REQUIRED ACTION: The response should reproduce exactly the lines from the top of the listing below through the one that contains "a wooden background", and nothing else; pictures do not belong in it.

RECORDED DATA:
:::

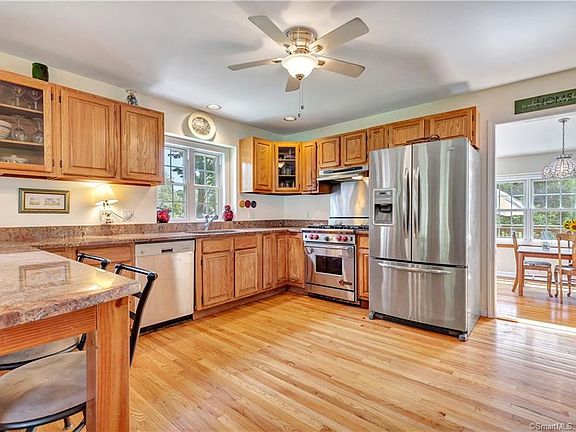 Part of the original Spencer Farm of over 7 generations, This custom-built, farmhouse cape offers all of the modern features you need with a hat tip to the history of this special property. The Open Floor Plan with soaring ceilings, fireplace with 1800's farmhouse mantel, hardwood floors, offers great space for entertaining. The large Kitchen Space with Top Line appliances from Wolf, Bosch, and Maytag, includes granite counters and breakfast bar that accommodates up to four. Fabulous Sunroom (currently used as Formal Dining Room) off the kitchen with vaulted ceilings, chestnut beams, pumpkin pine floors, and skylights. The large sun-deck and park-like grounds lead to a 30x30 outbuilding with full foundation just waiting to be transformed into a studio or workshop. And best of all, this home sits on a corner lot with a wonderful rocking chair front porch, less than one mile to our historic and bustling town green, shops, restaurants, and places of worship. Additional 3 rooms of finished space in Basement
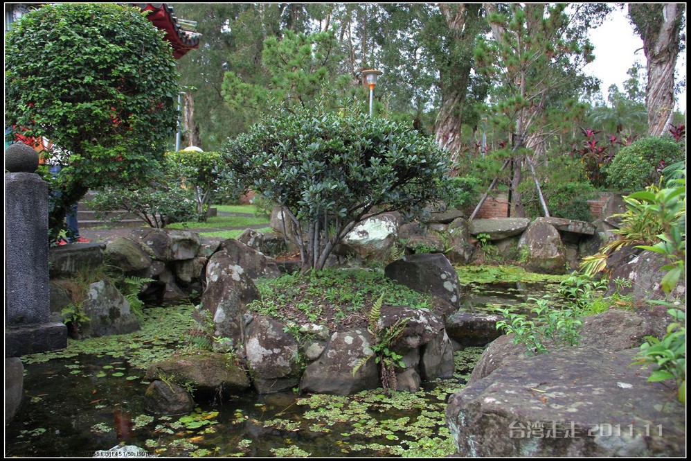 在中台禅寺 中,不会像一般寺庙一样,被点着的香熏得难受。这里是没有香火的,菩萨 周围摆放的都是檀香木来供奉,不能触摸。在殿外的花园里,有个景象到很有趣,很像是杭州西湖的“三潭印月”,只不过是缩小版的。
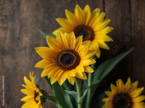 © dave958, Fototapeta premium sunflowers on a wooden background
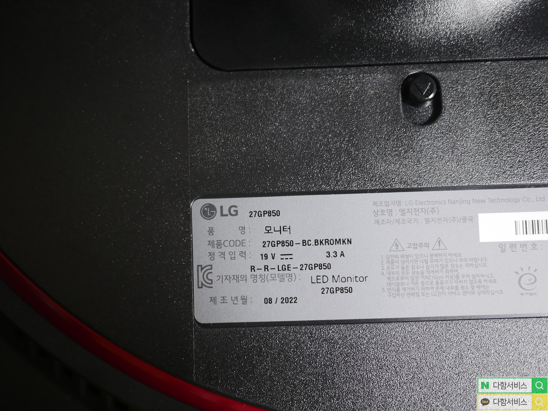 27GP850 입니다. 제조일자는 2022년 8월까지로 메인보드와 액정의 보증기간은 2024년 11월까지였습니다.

:::

SOLUTION FOR THIS PROBLEM:
 Part of the original Spencer Farm of over 7 generations, This custom-built, farmhouse cape offers all of the modern features you need with a hat tip to the history of this special property. The Open Floor Plan with soaring ceilings, fireplace with 1800's farmhouse mantel, hardwood floors, offers great space for entertaining. The large Kitchen Space with Top Line appliances from Wolf, Bosch, and Maytag, includes granite counters and breakfast bar that accommodates up to four. Fabulous Sunroom (currently used as Formal Dining Room) off the kitchen with vaulted ceilings, chestnut beams, pumpkin pine floors, and skylights. The large sun-deck and park-like grounds lead to a 30x30 outbuilding with full foundation just waiting to be transformed into a studio or workshop. And best of all, this home sits on a corner lot with a wonderful rocking chair front porch, less than one mile to our historic and bustling town green, shops, restaurants, and places of worship. Additional 3 rooms of finished space in Basement
 在中台禅寺 中,不会像一般寺庙一样,被点着的香熏得难受。这里是没有香火的,菩萨 周围摆放的都是檀香木来供奉,不能触摸。在殿外的花园里,有个景象到很有趣,很像是杭州西湖的“三潭印月”,只不过是缩小版的。
 © dave958, Fototapeta premium sunflowers on a wooden background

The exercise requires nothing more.